Homework #8 (due 2/21) Sample size calculation for comparing survival endpoints in two groups Instead of using the binary endpoint, we now assume that the anti-tumor activity is measured by a survival endpoint. Assume the 5-yr survival rate for recurrent head and neck cancer is about 30% for the standard treatment. Assume a new agent can increase the 5-yr survival rate to 50%. Please design a two-arm randomized study comparing the standard versus new treatments with a two-sided a = 5% and 90% power for testing equal hazard rate assuming exponential survival.
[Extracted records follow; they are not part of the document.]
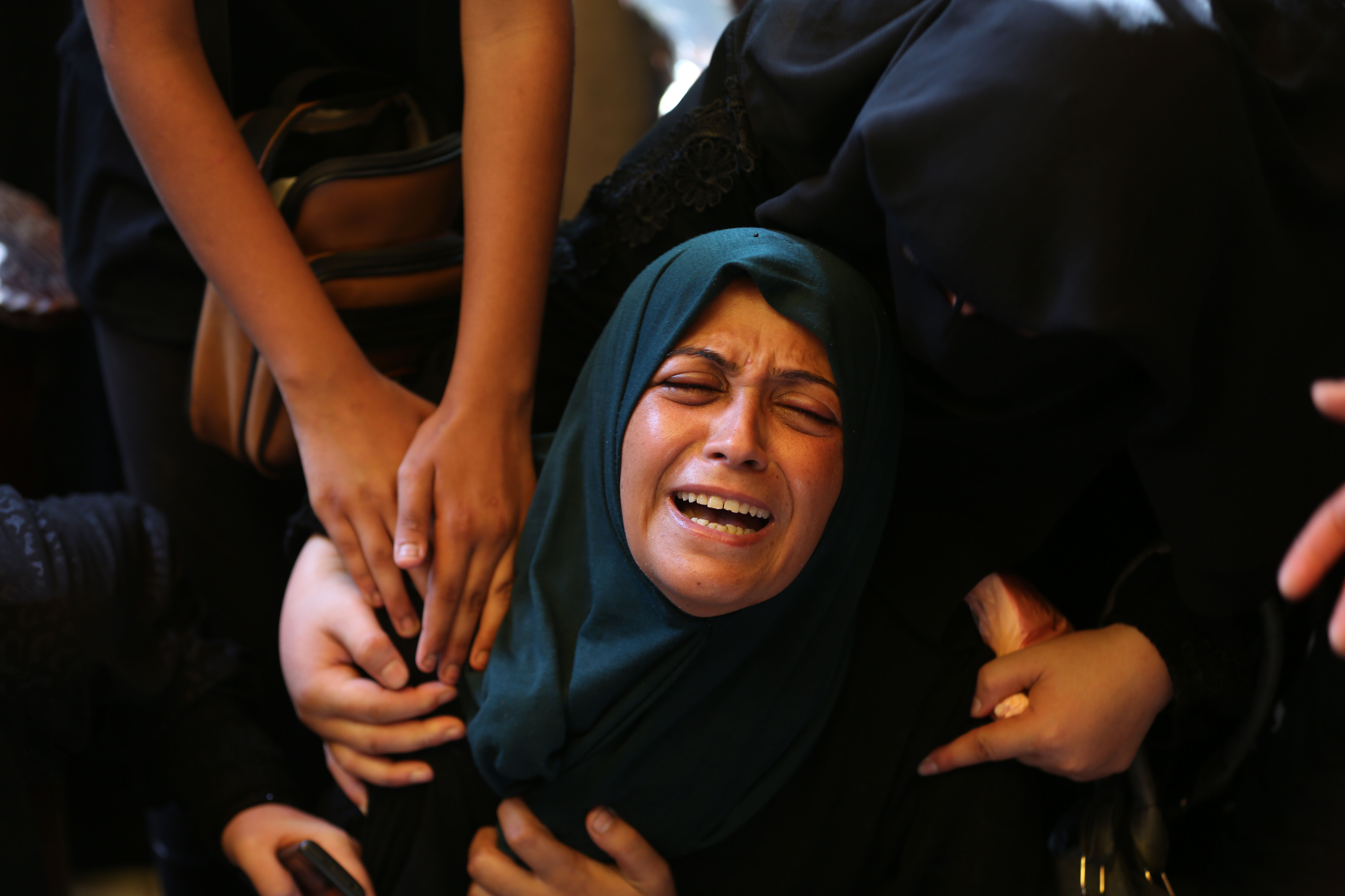 2024年8月13日,在加沙地带南部城市汗尤尼斯的纳赛尔病院,别称女子吊问以军热切遭难者。新华社发(哈树德·奥马尔摄)
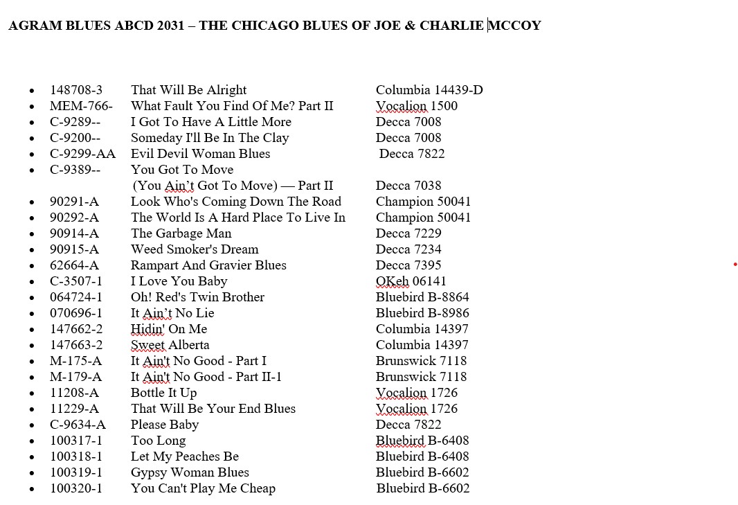Of all the books in this series by Guido van Rijn, this study of the lives, musical styles, and recordings of “blues brothers” Joe and Charlie McCoy has been the most problematic and difficult to bring to completion and publication. Some of the problems were simply due to the volume of material the two artists recorded, the difficulty of obtaining listenable copies of some songs, and further difficulties of understanding their lyrics, the latter especially in the case of brother Joe. For two artists who recorded prolifically, both separately and together, over a period of about a decade and a half, and who composed and/or performed on many hit records, the McCoy brothers are little mentioned by others who knew them and are generally mentioned only in passing by blues researchers. They remain unjustifiably in the shadows of blues history, while their contemporaries and collaborators, such as Bo Carter, Tommy Johnson, Ishman Bracey, the Mississippi Sheiks, Memphis Minnie, Big Bill Broonzy, Washboard Sam, Johnnie Temple, Tampa Red, and Roosevelt Sykes, shine brightly in the blues firmament.
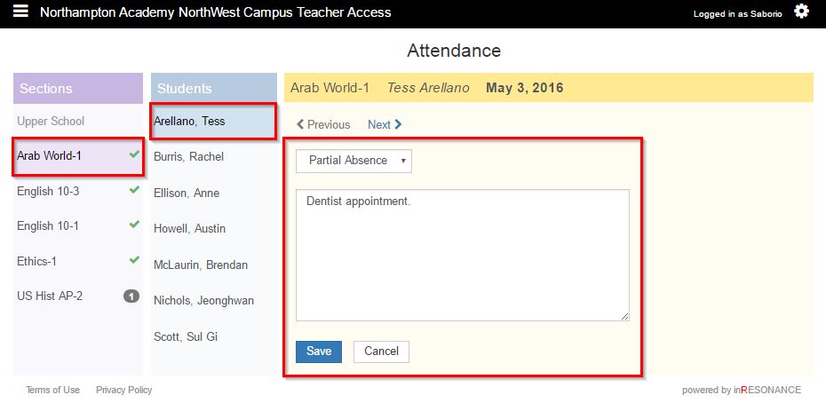 hamburger dropdown menu. - Select the Section. The students in that section will appear int he students column. Existing attendance notes will appear as note icons in the attendance chart.
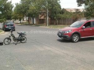 Alrededor de las 12:30 del mediodía, chocaron un auto y una moto en la esquina de Sarmiento y Paso de nuestra localidad.
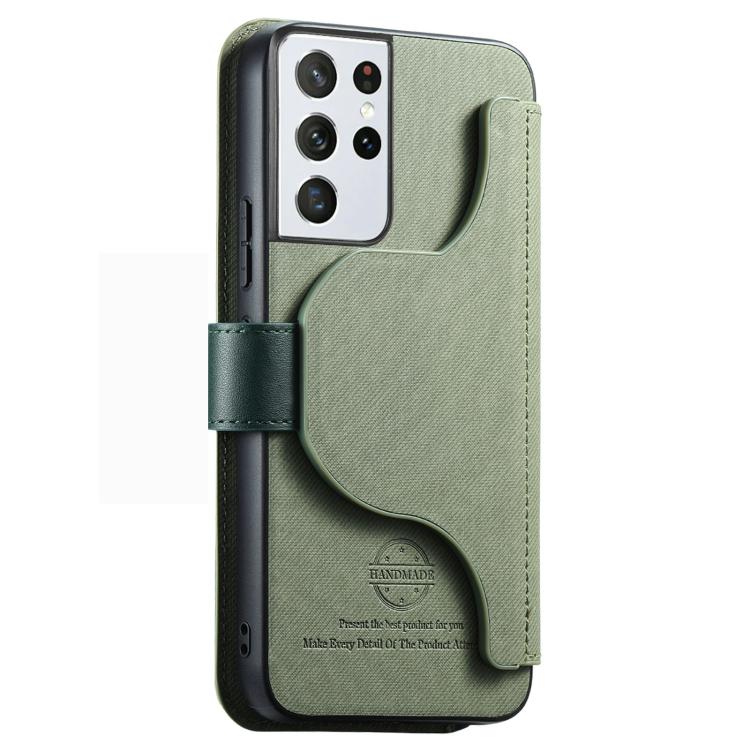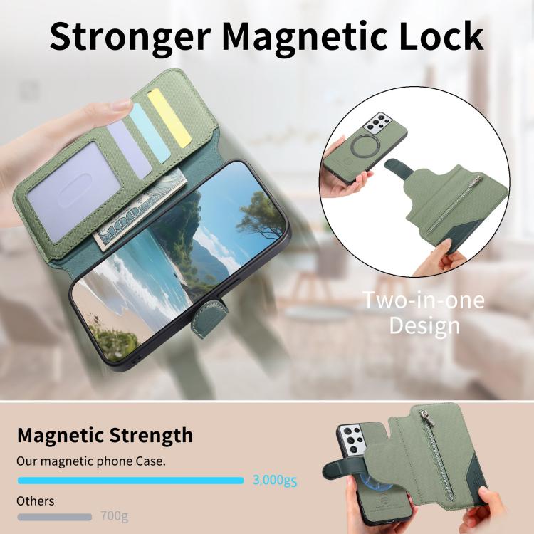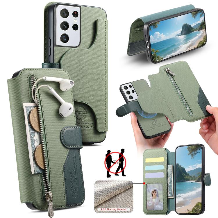 For Samsung Galaxy S21 Ultra 5G Twill Fabric MagSafe RFID Anti-theft Zipper Wallet Leather Phone Case(Green)
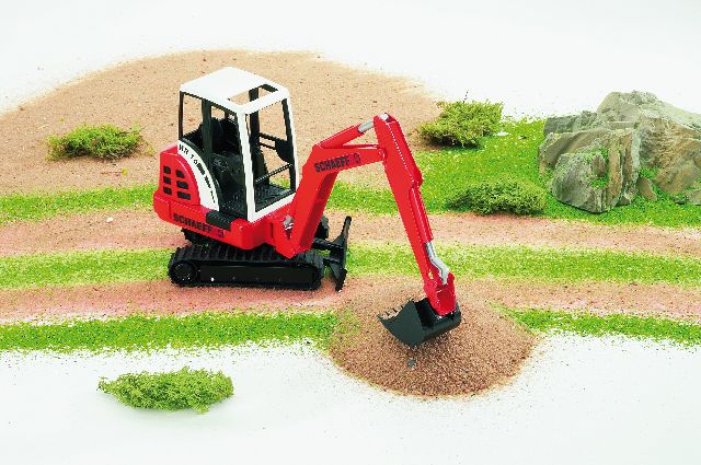 Der Ausleger des Schaeff Minibaggers kann seitlich abgewinkelt werden, dabei wird eine realistische Baggerfunktion möglich.
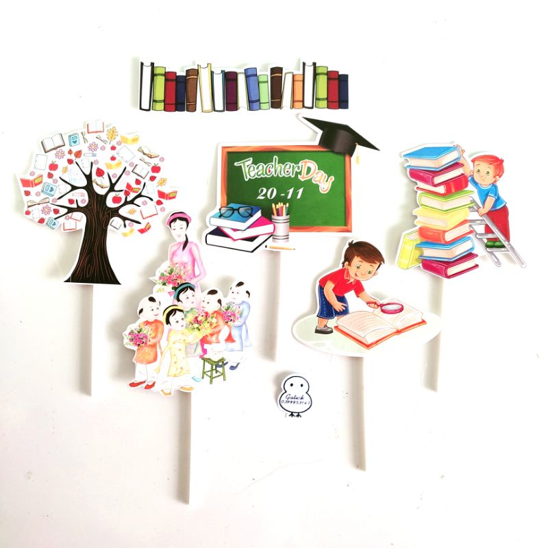 Bộ sản phẩm gồm 6 hình cắm giấy cứng loại 1 in chất liệu đẹp dùng trang trí bánh kem tặng thầy cô giáo

Compute the sample size needed (e.g., use STPLAN). 1. Assume instantaneous accrual and no censoring. 2. Assume instantaneous accrual with 5 years of f/u. 3. Compute the accrual rate and total sample size needed with 2 years of accrual and 3 years of additional follow-up, i.e. the total study duration is 5 years. 4. Please verify the result in 3. above by conducting simulation studies with at least 1,000 runs. 5. Compute the f/u time and total study duration required if the accrual time is 3 years with a rate of 5 patients per month.